DiverGet: A Search-Based Software Testing Approach for Deep Neural
Network Quantization Assessment
- URL: http://arxiv.org/abs/2207.06282v1
- Date: Wed, 13 Jul 2022 15:27:51 GMT
- Title: DiverGet: A Search-Based Software Testing Approach for Deep Neural
Network Quantization Assessment
- Authors: Ahmed Haj Yahmed, Houssem Ben Braiek, Foutse Khomh, Sonia Bouzidi,
Rania Zaatour
- Abstract summary: Quantization is one of the most applied Deep Neural Network (DNN) compression strategies.
We present DiverGet, a search-based testing framework for quantization assessment.
We evaluate the performance of DiverGet on state-of-the-art DNNs applied to hyperspectral remote sensing images.

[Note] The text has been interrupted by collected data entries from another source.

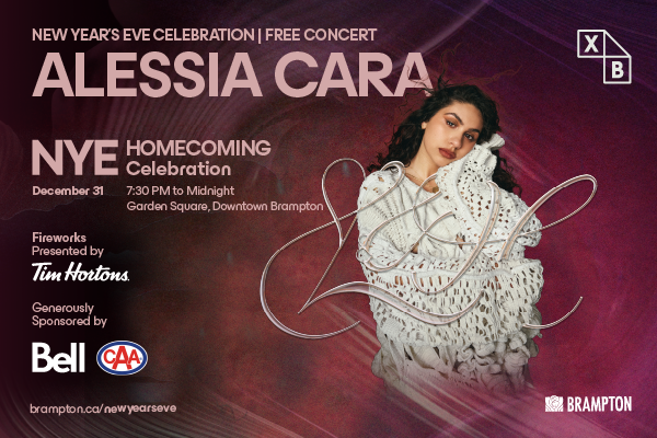 Description: Celebrate New Year’s Eve in downtown Brampton with a spectacular outdoor concert headlined by Alessia Cara, who will also be inducted into Brampton’s Arts Walk of Fame. Enjoy food vendors, a vibrant 10-minute firework display at midnight, and a lively community atmosphere. Perfect for friends and family to welcome 2026 together.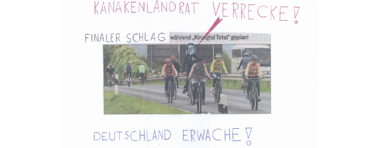 Auch in dem aktuellen Schreiben finden sich Formulierungen aus dem ausländerfeindlichen Sprachgebrauch. Über einer Fotomontage, die den Landrat in einer Radlergruppe zeigt, steht in Großbuchstaben der Aufruf „Kanakenlandrat verrecke!“. Ein Pfeil mache zudem unmissverständlich klar, wer die Zielperson sein soll. Darüber hinaus wird zum wiederholten Mal die Formulierung „Deutschland erwache!“ verwendet. Statt des bisherigen Schriftbildes, ist diesmal eine Buchstabenschablone eingesetzt worden. Die Ermittlungsbehörden sind über diese neue Entwicklung informiert.
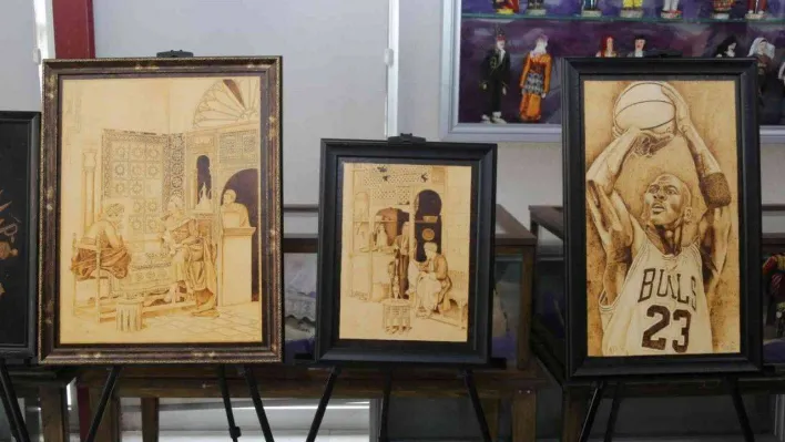 Kocaeli'nin Gölcük ilçesinde boya kullanılmadan, tamamen ahşap yakma tekniği kullanılarak yapılan resimlerden oluşan sergi açıldı.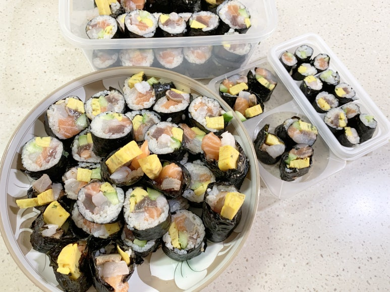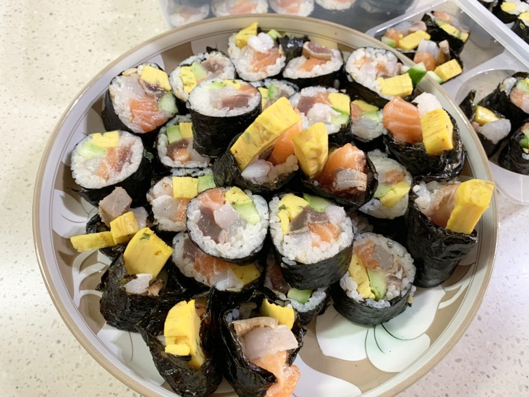 조그마한 꼬마김밥같은 것은 회를 한종류씩만 넣어 주고,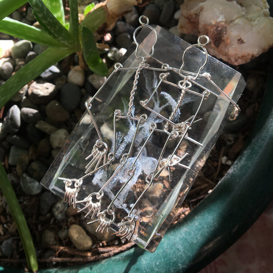Silver Dangly Wire Wrapped Skeleton Earrings - Wire Art Earrings - Unique Halloween Earrings - Halloween Jewelry - Skeleton Wire Weave Art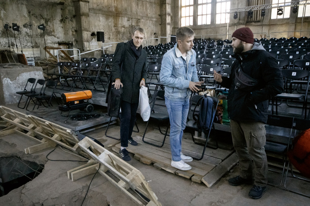Спрашиваем режиссера: «Но что с гастролями? Если спектакль стоит того, чтобы его увидели как можно больше людей, его надо показывать. А как? Допустим, заброшенные цеха можно найти в любом относительно большом городе СНГ. Но каждый раз складывать этот пазл — с арендой оборудования, его настройкой под конкретную площадку?».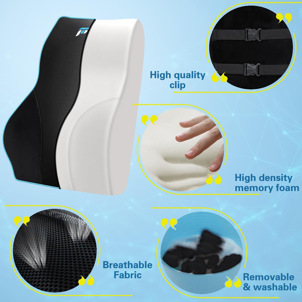Experience all-day comfort and proper posture with this Memory Foam Lumbar Support Cushion, designed to relieve lower back pain and promote a healthy sitting position.
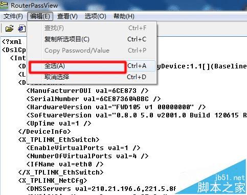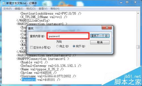 5、按“Ctrl+F键”或点击“编辑”->“查找”,输入“password”查找,很快就能找到pppoe拨号账号和密码的。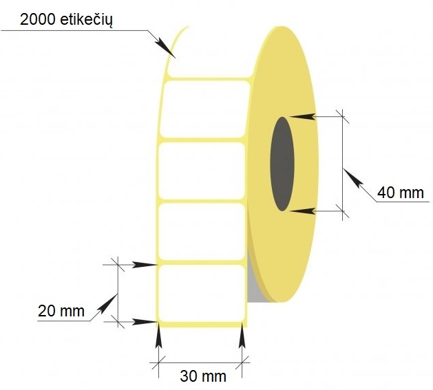 Lipnios termo etiketės, 30x20mm , rulone 2000 vnt.
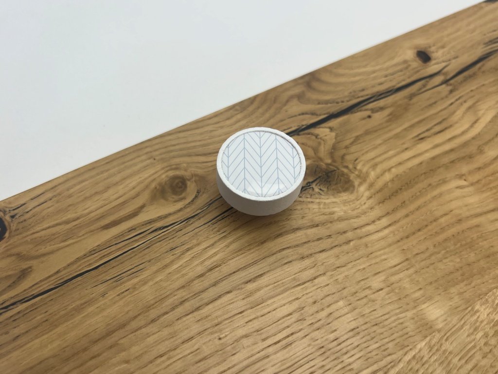 Barevné provedení bílého laku v kombinaci s motivem stopy jedle. Knopka se montuje jednoduše, pomocí přibaleného šroubu délky 22 mm.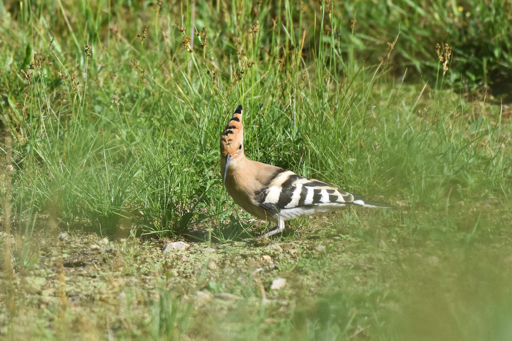 La Huppe fasciée n’est jamais bien loin et son chant retentit à chaque fois autour de la lavogne. Lors de mon premier affût, j’ai fait décoller une famille cachée par les hautes herbes devant moi. Malheureusement ce magnifique oiseau était souvent trop loin ou à moitié dissimulé par la végétation ou sur le côté de l’affût.
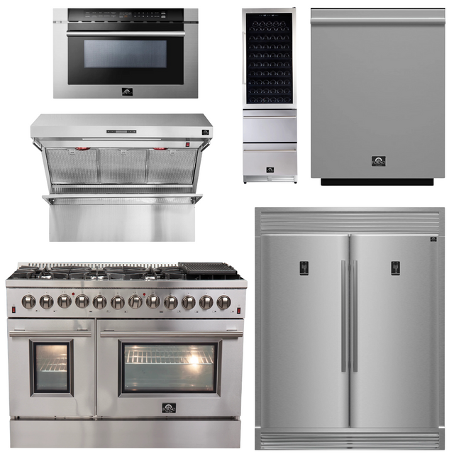 The Forno Appliance Package - 48 in. Dual Fuel Range with 8 Italian Burners in Stainless Steel, Refrigerator and Freezer, Microwave Drawer, Dishwasher, and Wine Cooler. This appliance package is perfect for your next kitchen model, and comes at a highly affordable price! Read more below!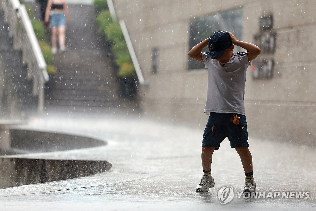 (서울=연합뉴스) 신현우 기자 = 8일 서울 청계천에서 외국인 어린이가 비를 맞으며 춤을 추고 있다. 2025.8.8 nowwego@yna.co.kr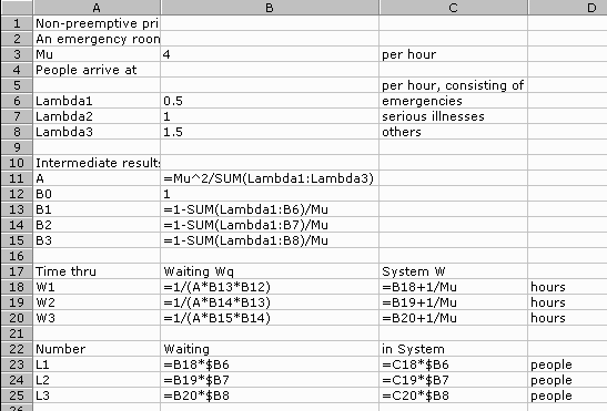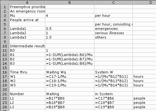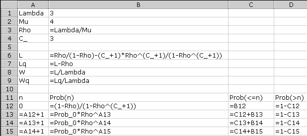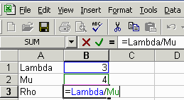 You can use these names in cell formulas. For, example, you can type in the formula for rho as "=Lambda/Mu" instead of "=B1/B2". The formula with names is much easier to understand.

- Score: 10.18462284491991
- License: http://creativecommons.org/licenses/by/4.0/
- Abstract: Quantization is one of the most applied Deep Neural Network (DNN) compression
strategies, when deploying a trained DNN model on an embedded system or a cell
phone. This is owing to its simplicity and adaptability to a wide range of
applications and circumstances, as opposed to specific Artificial Intelligence
(AI) accelerators and compilers that are often designed only for certain
specific hardware (e.g., Google Coral Edge TPU). With the growing demand for
quantization, ensuring the reliability of this strategy is becoming a critical
challenge. Traditional testing methods, which gather more and more genuine data
for better assessment, are often not practical because of the large size of the
input space and the high similarity between the original DNN and its quantized
counterpart. As a result, advanced assessment strategies have become of
paramount importance. In this paper, we present DiverGet, a search-based
testing framework for quantization assessment. DiverGet defines a space of
metamorphic relations that simulate naturally-occurring distortions on the
inputs. Then, it optimally explores these relations to reveal the disagreements
among DNNs of different arithmetic precision. We evaluate the performance of
DiverGet on state-of-the-art DNNs applied to hyperspectral remote sensing
images. We chose the remote sensing DNNs as they're being increasingly deployed
at the edge (e.g., high-lift drones) in critical domains like climate change
research and astronomy. Our results show that DiverGet successfully challenges
the robustness of established quantization techniques against
naturally-occurring shifted data, and outperforms its most recent concurrent,
DiffChaser, with a success rate that is (on average) four times higher.